Relationship Red Flags

Domestic abuse violence victim

The stereotype of a domestic abuser looks like this: A domineering male with a short fuse who routinely erupts, physically assaulting a vulnerable female.

But it’s rarely that simple. 

Domestic abuse can mean outright physical violence, but it can also mean a lot of other things, from sexual assault to emotional manipulation, reproductive control to financial intimidation.

Domestic abuse can develop over time or begin all at once; it can be sporadic, or constant. And it can arise in any type of romantic relationship – no age group, sexual orientation, ethnicity, gender identity, religion, culture or class is immune. 

Because the outward appearance is not always the same, it can be difficult for people to recognize they are being subjected to dangerous and destructive behaviors. 

“These relationships are really complicated,” says Raenetta L. Liberty, RN, BSN, an Emergency Department nurse at the University of Vermont Medical Center. Liberty serves as the UVM Medical Center and Vermont State coordinator for the Forensic Nursing Program, which provides sexual assault exams and domestic violence screenings to all Vermonters. “What is really important for everybody to know is that anyone can be an abuser and anyone can be abused,” Liberty says.

Domestic abuse occurs between people who are supposed to be able to trust one another. But abusers often use the loyalty and affection of their partners against them, making it harder for them to seek safety and care. Shame, guilt, social pressure and threats – often of suicide or toward shared children – are other common tactics used to discourage people from leaving their partner.

“For the most part, the partners do love each other; they’ve been together, maybe they’ve had kids,” says Liberty. It is worth remembering this if you are observing a relationship from the outside and feel tempted to think: “Just leave if you’re being abused.” It is never that simple. Couples are connected in many ways, and the ties that bind them tend to be strong.     

To help cut through some of the confusion, Liberty shares a list of “red flags,” or general warning signs that might indicate someone is abusive or could become abusive toward their partner. The common denominator in domestic abuse, she explains, is domination: “Abuse is really just about power and control.” The expressions might vary, but the goal is always the same.

Signs of Abuse

Controlling tendencies: Abusers often limit their partner’s freedom and autonomy, directly or indirectly, to assert their power and encourage unhealthy levels of dependence.

Isolation: If someone cuts ties with friends and family, gives up their favorite pastimes or withdraws from work and other obligations, they may be under pressure from an abusive partner who wishes to separate them from their support networks in order to avoid scrutiny and consolidate their power.  

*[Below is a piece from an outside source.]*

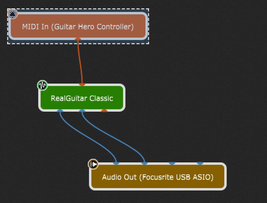 I’m away from home for the weekend and will be back home next Tuesday so I can’t send any screen shots. When I play a keyboard into GP using say a C chord, I get the notes C, E, and G. If I then play a C chord in a similar register using the PS3 controller, the midi notes show up many octaves higher (using notes based on 8 ie 8 octaves higher) even though the tones sound in the same register as the same notes from the keyboard. If I then transpose using the midi in block, the notes won’t sound at all and the joystick mode collapses and no notes will play. It must be in the way the ML guys have written the software so that all of the functions on the PS3 controller do what they are supposed to do. There is written on the RG main page for each guitar, “Do not transpose by midi.” The fact that I’ve managed to transpose at all is amazing I think. Keep in mind that they developed the joystick mode way back in 2012 and its seems to me have been an experiment that was never intended to be used in live performance but reserved for use at home for recording authentic guitar tracks. The original 5 neck button PS3 guitar controller hasn’t been manufactured for years and are to find second had these days. The replacement 6 button version doesn’t work I believe. I used to get some mild ribbing from people when I first went out playing live. “No frets! No strings! You’re a fake!” I got used to it in time and the fact is that the Real Guitars sound so darn good over a decent PA, and the joystick mode that allows strumming and picking is very real. If you had your back to me, you would guess that a real guitarist was playing.
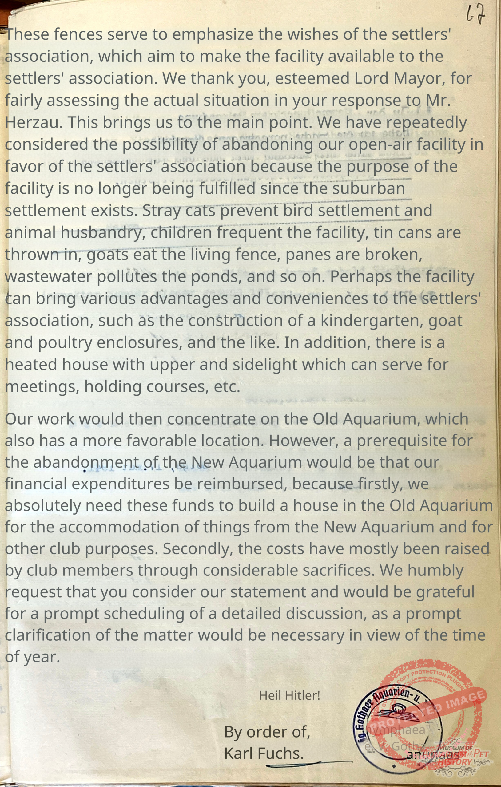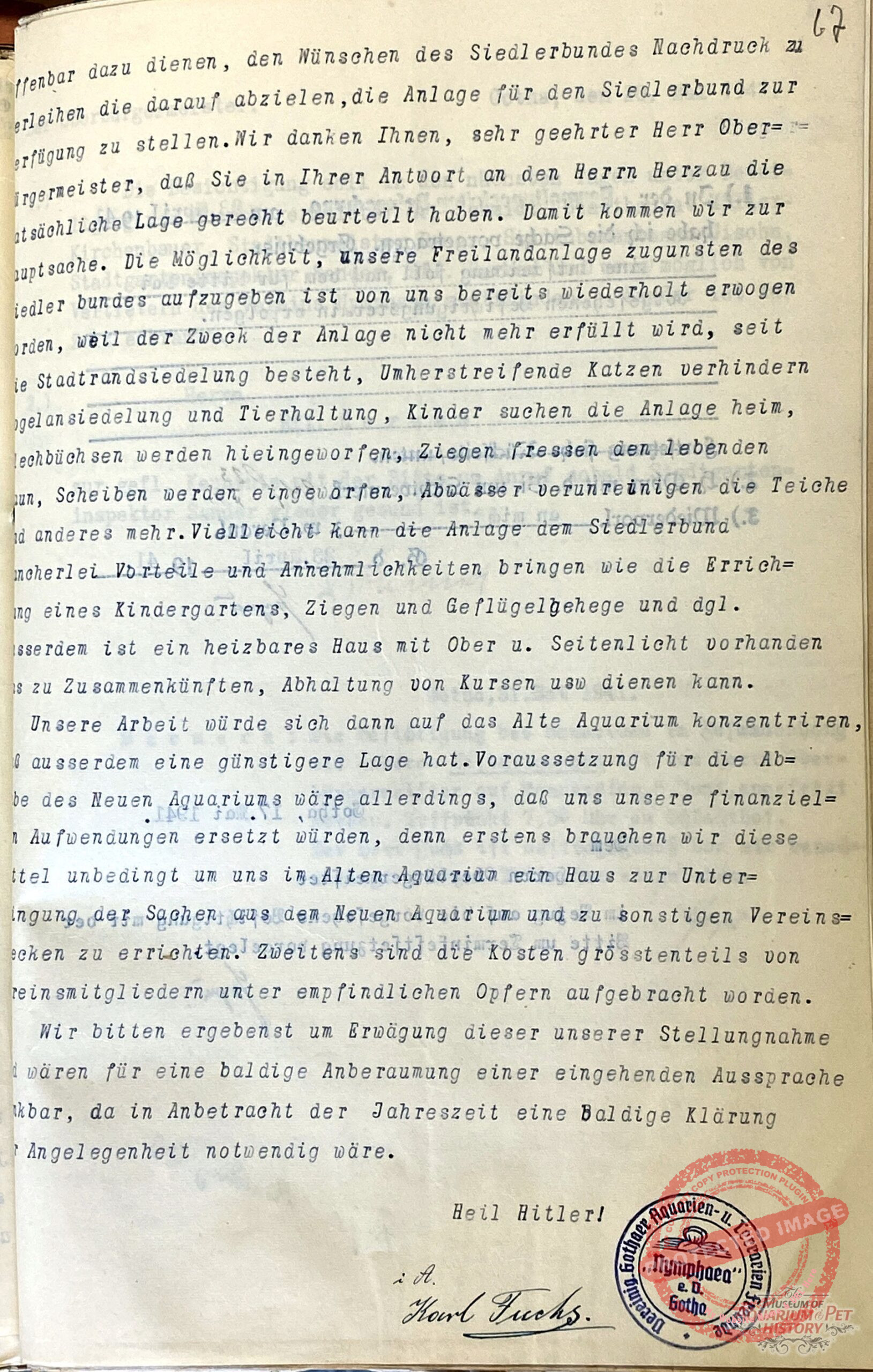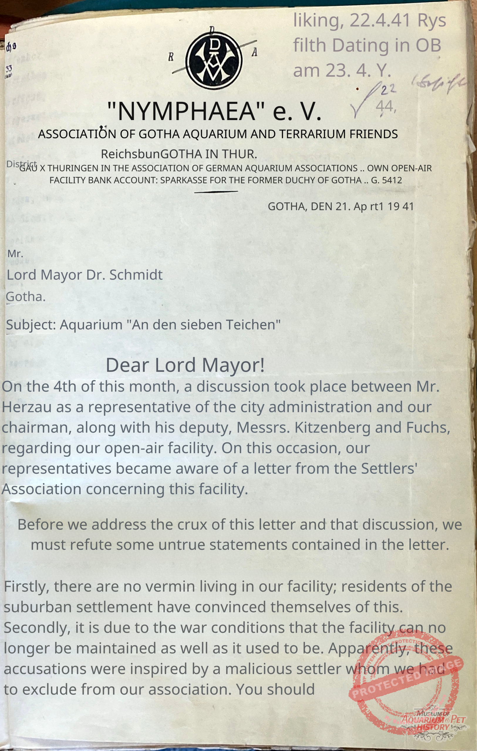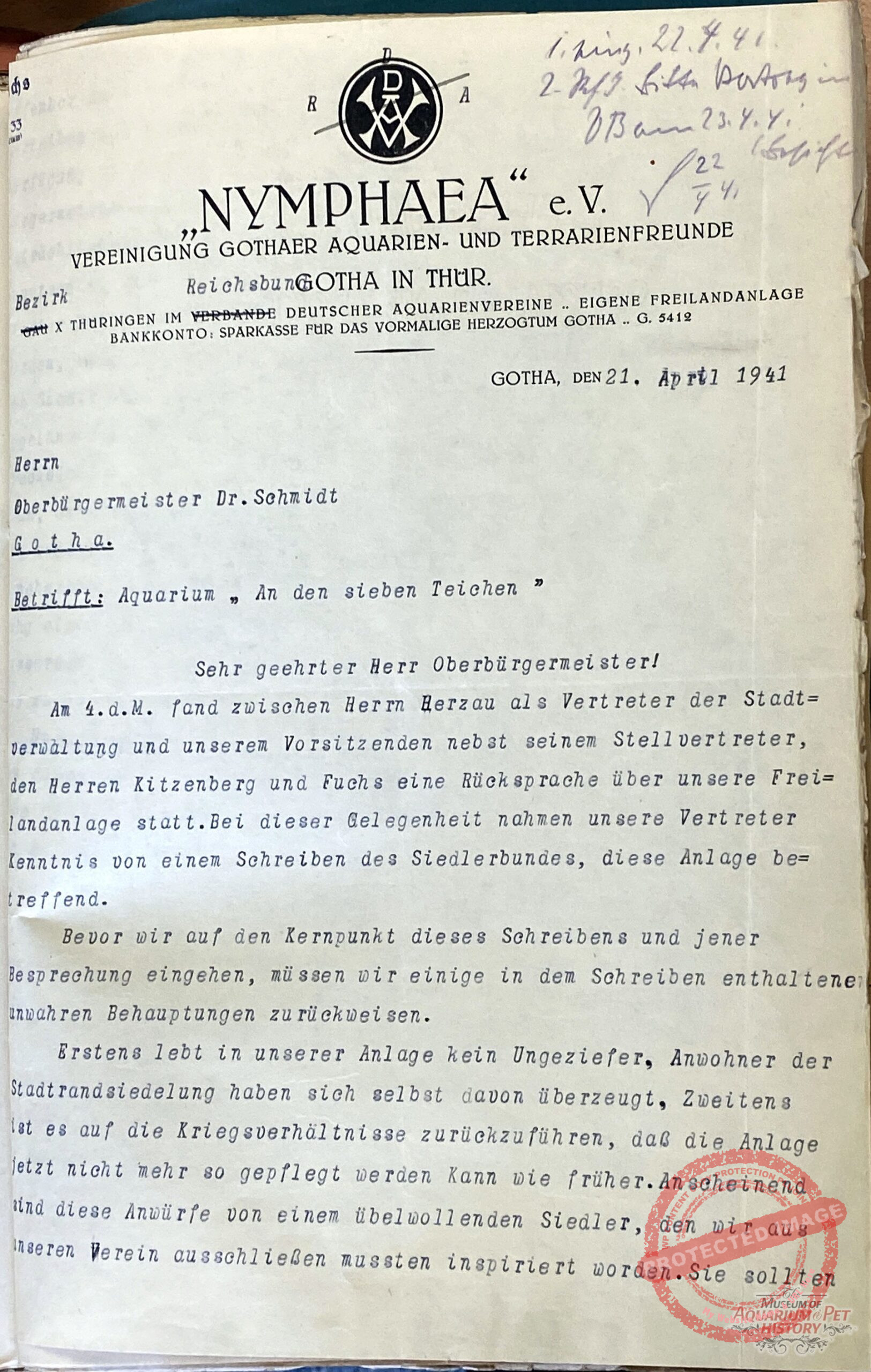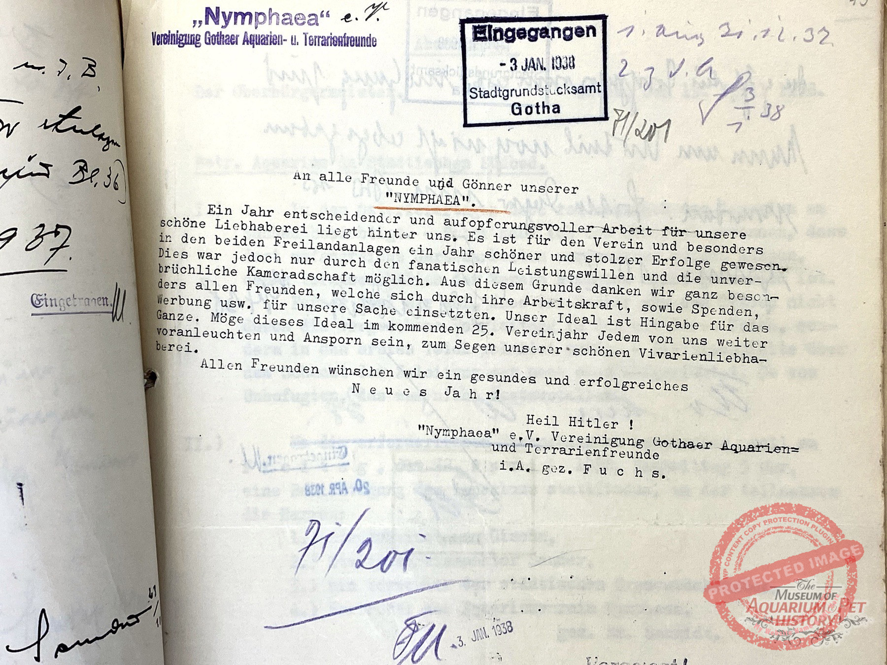 1939 marked the silver anniversary of the Nymphaea club. For the 25th anniversary, various Thüringen newspapers published articles, and Wochenschrift printed congratulations. A detailed, well-written article by Charly Fuchs appeared in Das Aquarium. Die Fachzeitschrift des Naturfreundes recounts the history under the title “Germany’s Oldest Open-Air Facility” since 1882. At the turn of 1938, he addressed supporters of the club with a greeting letter, warm and friendly in tone, which contrasted sharply with his “Heil Hitler!” signature. Fuchs acted opportunistically to solicit donations for the club, indifferent to the political statements and actions of the fascists, but recognizing the need to survive, especially when corresponding on behalf of a club. Once WWII began and the Nymphaea outdoor facility suffered due to insufficient manpower, Fuchs attempted to settle outstanding debts with the savings bank by proposing that the land and clubhouse be transferred to the nearby Settlers’ Association, which was interested in acquiring it and would take over the bank debts. Neither Fuchs nor other sources provided further information, presumably due to the war, and ultimately the conflict produced a different outcome. The goal of Nymphaea members, especially Fuchs, was to regain the original, debt-free oldest open-air facility from school administration control.

Excessive or increasing jealousy: Allegations of infidelity are a common feature of abusive relationships. Abusers use these accusations to try to justify their abuse and to encourage their partner’s isolation.

Unpredictable rage: Angry outbursts create an atmosphere of uncertainty and menace. They are also destabilizing and demoralizing to anyone in their vicinity.

Cruelty to animals: A lack of respect for life and its vulnerability is rarely limited to one part of a person’s outlook. If someone is comfortable hurting animals, they are more likely to hurt human beings. 

Disproportionate or aggressive criticism: Disapproval and disparagement, especially if constant or severe, reinforce unequal power dynamics in relationships and contribute to stress, self-esteem issues and a sense of alienation. 

Dangerous sexual practices: Liberty highlighted strangulation as an example of an act that can have dire health consequences, and can indicate that a relationship has an abusive dynamic. But any sexual practice initiated by one partner that puts the other at risk of physical or psychological damage is worth looking out for. 

Intimidation: Not all abuse is obvious. An abuser may use indirect threats of violence and harm as a weapon against their partner to restrict behavior and ensure obedience. 

Escalation of verbal and physical violence: The line between a “red flag” and actual abuse is incredibly thin. Vigilance is important because troubling behaviors can quickly turn into destructive actions. 

This not an exhaustive list, Liberty emphasizes. All relationships are different and domestic abuse can be highly specific to individual couples and their unique circumstances. These warning signs are intended to give a general sense for how abuse can begin, and to empower everyone in a relationship to safeguard their health, dignity and overall wellbeing.